Patricia Swann, professor of public relations and journalism, has recently moved to the Clark City Center and teaches one of the MBA blended courses.
“I am currently teaching a course in the MBA program called BUS 631: Data Driven Decision Making, which is a blended course,” Swann said. “The class has cameras and microphones to broadcast the lecture for some students who want a face-to-face experience in the classroom. But, the class is also recorded and available to those who couldn’t participate live.”
Swann also said that the students in the class are still able to interact with one another online like in a classroom setting.
“In the class, we are using a ‘flipped’ teaching method which means traditional lecturing is limited,” Swann said. “The students arrive to class ready to apply the week’s textbook learning to a learning activity. Students work in groups via Google Hangouts so that they can talk together and complete the activity as a group.”

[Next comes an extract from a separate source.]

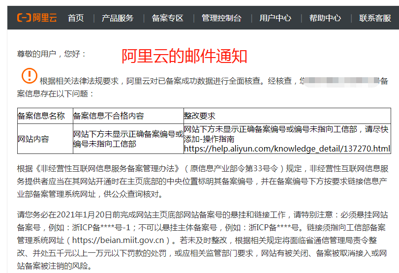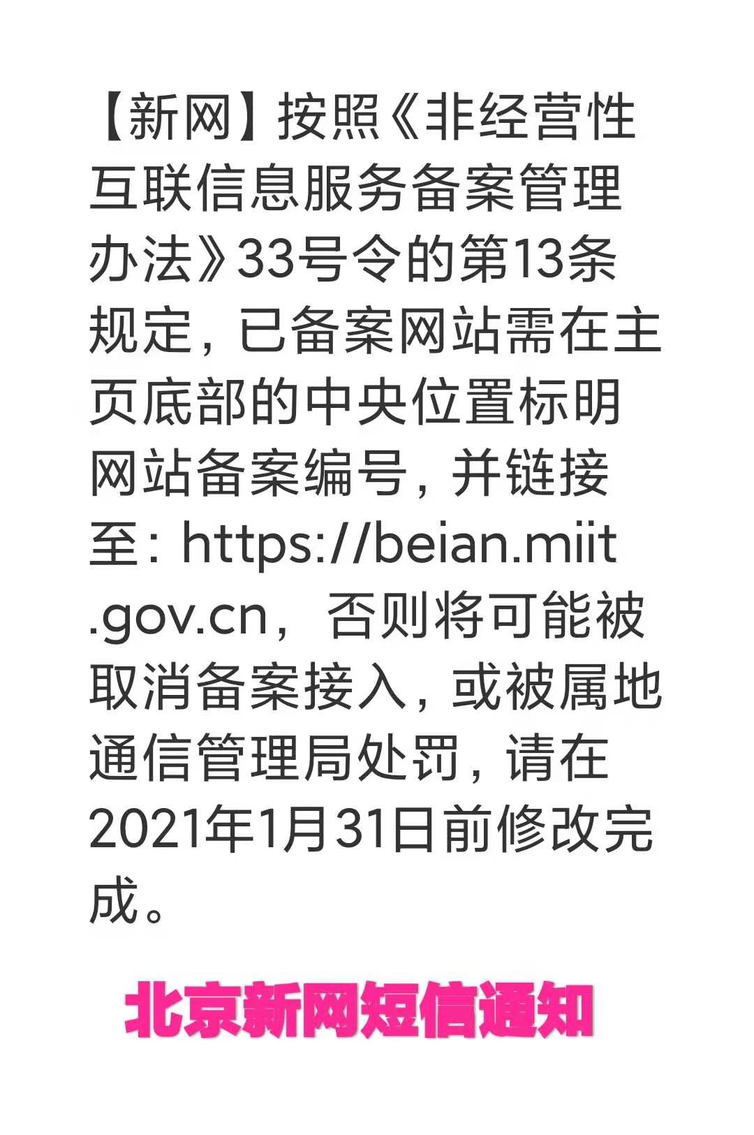 近期,很多用戶收到有關(guān)網(wǎng)站備案核查短信或郵件,提示用戶在網(wǎng)站下方未顯示正確備案編號或編號鏈接未指向工信部:

Overall, Swann enjoys teaching blended online courses and thinks that they are beneficial for students.
“I am a big fan of the blended classroom,” Swann said. “It is convenient for students and it provides an opportunity to get to know their professor. The live class is helpful to students because the group activities prepare them for their assignments due later in the week.”
Kyle Dempster is a UC graduate student pursuing a degree in the blended MBA program, while also working full-time in the Office of Student Financial Services for the past 31/2 years and balancing a full-time job while also taking online courses can be tough to manage, but Dempster always finds time in his busy schedule.

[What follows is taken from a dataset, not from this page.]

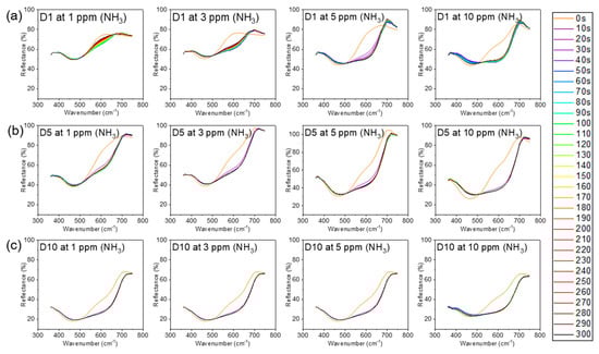 where L* is lightness, a* represents red/green component, and b* represents yellow/blue component. NH3 gas was used at a concentration of 1–10 ppm, and the color change was measured every 10 s for 5 min.

“I work Monday through Friday from 8:30 to 5:00 at student financial services which means that most late nights I work on my online course assignments,” Dempster said. “It’s not a heavy workload, so I’m able to manage, and it’s a lot easier when I have a little over a week to work on assignments.”
Dempster also said that online courses can be a lot easier than regular classes if students put in the work.
“Online courses are easier and convenient for students as they don’t have an obligation to be in class,” Dempster said. “If students stay on top of their work online, just like in a regular class, they will be able to keep up and do well.”
Izabela Carr is also pursuing a degree in the blended MBA program where she enjoys the online interaction.
“From my perspective, business is about people and interactions. The structure of the online MBA program provides a nice balance of flexibility coupled with the same interaction one would have if they were to physically attend class,” Carr said. “The online capability not only provides the same experience as sitting in class but simultaneously provides students real world experience in having to connect and build relationships using virtual technology, which is amazing.”
Carr also shared one of her most memorable courses where her professor was very helpful and supportive.
“My current experience in BUS 621 with Professor Donna Dolansky is the highlight of the program thus far,” Carr said. “Having professors care so much about your understanding of the material and success in an online program is encouraging. Just like in a physical classroom, professors have the same level of care for student success.”
As Carr is working toward completing her second master’s degree at UC, she appreciates how well UC has adjusted to societal changes by providing online courses and degree programs.
“As society evolves, it is important to evolve with it, and I am glad to see Utica College evolving and addressing the needs of future students and their careers,” Carr said. “The future of education depends on institutions being able to accommodate students while still providing quality education, and the MBA program does just that.”